Bilateral neural packets are the basic mechanism of sensation and of thought. Bilateral neural packets essentially form from sensory input and those mimes then persist in what we call thought, which is a neural packet for a given moment of thought. Each organ of sensation like the ear will have unique mimes with similar characteristics to other organs and the human ear will sense sound in ways that are similar to how the eye processes light.
Although there are many components within the human ear, the basic neural organ of hearing is the cochlea. The cochlea has a spiral shape (see Figure) and with both impulse and response fluid canals with the very well known frequency response shown in the figure. Tiny hairs along the length of the basilar membrane, which is the wall between to the spiral cochlea impulse and response canals, are the neurons that sense sound by the inner ear fluid deflection of a tiny hair. The neural patterns in the EEG that come from basilar excitation are many and varied, but the hearing neural network is still not well understood. In fact, science does not seem to have a very clear understanding of the underlying neural impulse patterns for even simple organisms.

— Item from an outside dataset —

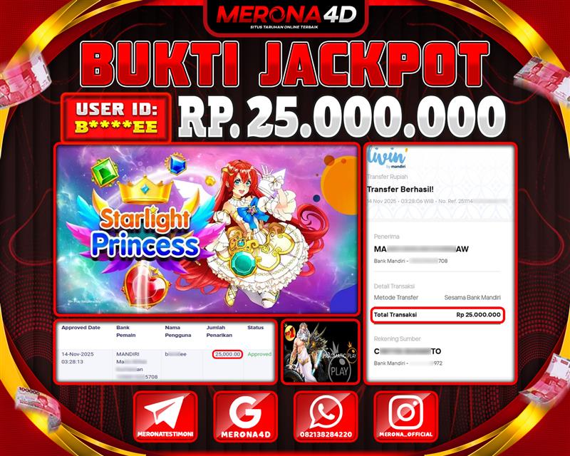 Selamat Kepada Member MERONA4D Bβ­‘οΏ½***οΏ½β­‘3 Telah Jackpot Di STARLIGHT PRINCESS 1000

The 7 notes of the octave are very suggestive, though, of a binary or bilateral difference sampling between groups of selected neurons and the top three rows of Pascal's triangle of the binomial theory describe how this binary sampling adds up to 7. This implies that the same kind of bilateralism that we recognize as the left-right symmetry is a part of hearing. Indeed, bilateralism is very common in all higher organisms and indeed also in the binary frequency analysis of sound and other spectral data with the Cooley-Tukey fast Fourier transform (FT) algorithm. The basic FT algorithm processes spectral data by sampling a time series with powers of two averaging and bilateralism is therefore an efficient way to sample and compress time series data into frequency amplitudes for representation in thought packets.
Therefore it seems very reasonable that along the basilar membrane, neurons from 20 mm to the end would be progressively paired into 7-mer's with the midpoint defined by middle C at 262 Hz, which peaks at 27 mm from the stapes. These progressive bilateral neural pairings would then form difference modes that would complement the sum and total modes and enhance sensation of the frequencies lower than ~1000 Hz as shown. These 7-order difference pairings would then effectively provide for our pleasure hearing the tones and chords of music.